→ Source data
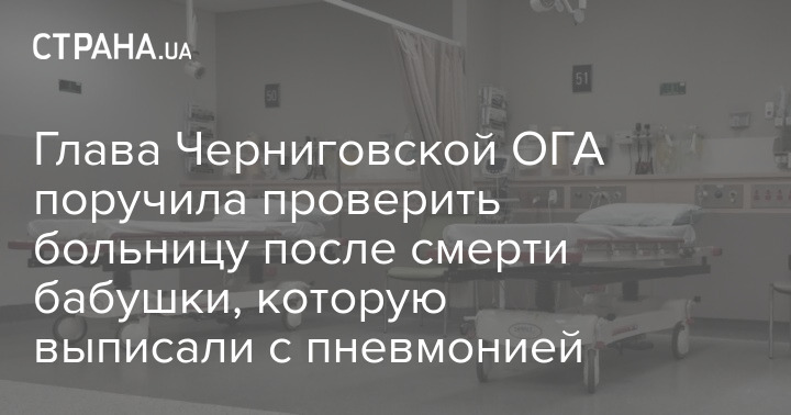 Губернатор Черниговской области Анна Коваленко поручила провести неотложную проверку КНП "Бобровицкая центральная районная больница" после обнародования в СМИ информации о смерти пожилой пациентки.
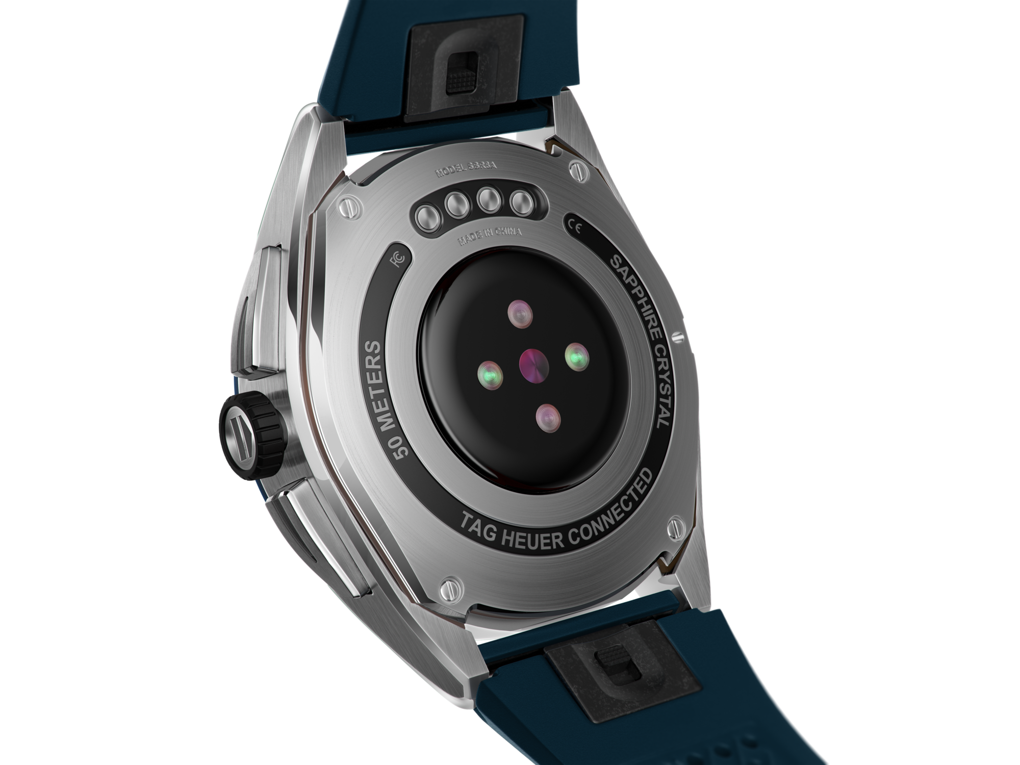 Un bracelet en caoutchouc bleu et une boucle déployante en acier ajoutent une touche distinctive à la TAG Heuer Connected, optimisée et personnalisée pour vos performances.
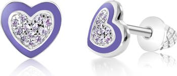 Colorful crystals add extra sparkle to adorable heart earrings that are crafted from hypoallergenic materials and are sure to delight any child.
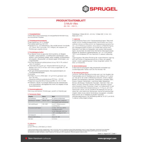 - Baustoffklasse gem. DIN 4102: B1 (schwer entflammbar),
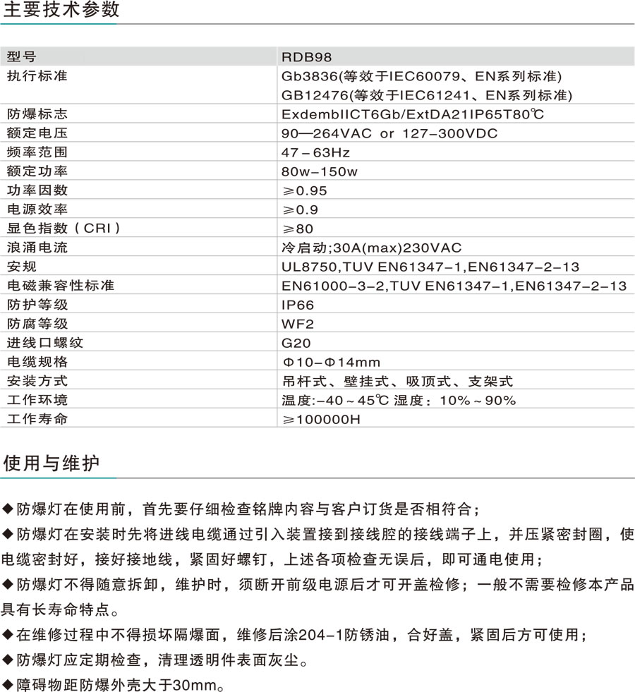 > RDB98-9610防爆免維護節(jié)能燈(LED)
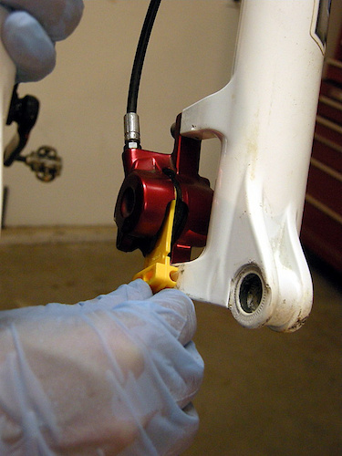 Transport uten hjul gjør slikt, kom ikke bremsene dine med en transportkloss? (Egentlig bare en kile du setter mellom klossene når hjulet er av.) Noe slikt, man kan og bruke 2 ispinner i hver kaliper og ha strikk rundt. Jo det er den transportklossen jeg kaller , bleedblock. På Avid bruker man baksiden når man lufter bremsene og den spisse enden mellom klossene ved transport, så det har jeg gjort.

==

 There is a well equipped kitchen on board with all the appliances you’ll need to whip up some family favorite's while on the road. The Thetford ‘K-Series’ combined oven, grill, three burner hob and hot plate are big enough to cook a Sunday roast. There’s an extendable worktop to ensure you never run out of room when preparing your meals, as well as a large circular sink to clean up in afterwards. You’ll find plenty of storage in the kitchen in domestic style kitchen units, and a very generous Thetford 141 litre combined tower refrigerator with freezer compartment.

--

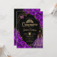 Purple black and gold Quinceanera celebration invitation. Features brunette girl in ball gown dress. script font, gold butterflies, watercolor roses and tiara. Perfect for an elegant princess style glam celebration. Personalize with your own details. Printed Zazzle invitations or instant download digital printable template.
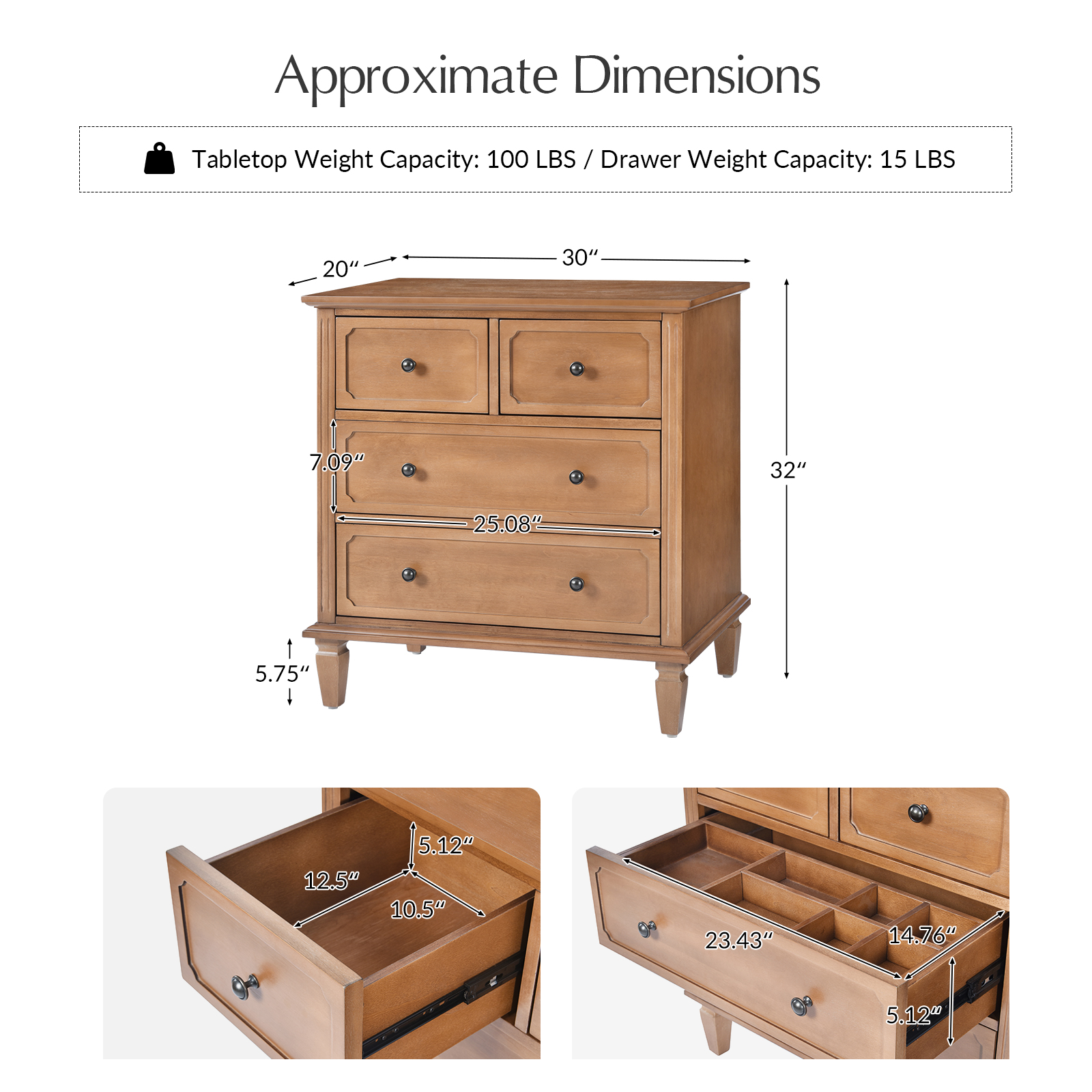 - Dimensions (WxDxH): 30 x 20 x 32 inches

→ Work item
When you reach the line holding "- Baustoffklasse gem." in the listing above, begin retyping exactly, and stop once the line holding "Transport uten hjul" is done; pictures stay out.

→ The answer
 - Baustoffklasse gem. DIN 4102: B1 (schwer entflammbar),
 > RDB98-9610防爆免維護節(jié)能燈(LED)
 Transport uten hjul gjør slikt, kom ikke bremsene dine med en transportkloss? (Egentlig bare en kile du setter mellom klossene når hjulet er av.) Noe slikt, man kan og bruke 2 ispinner i hver kaliper og ha strikk rundt. Jo det er den transportklossen jeg kaller , bleedblock. På Avid bruker man baksiden når man lufter bremsene og den spisse enden mellom klossene ved transport, så det har jeg gjort.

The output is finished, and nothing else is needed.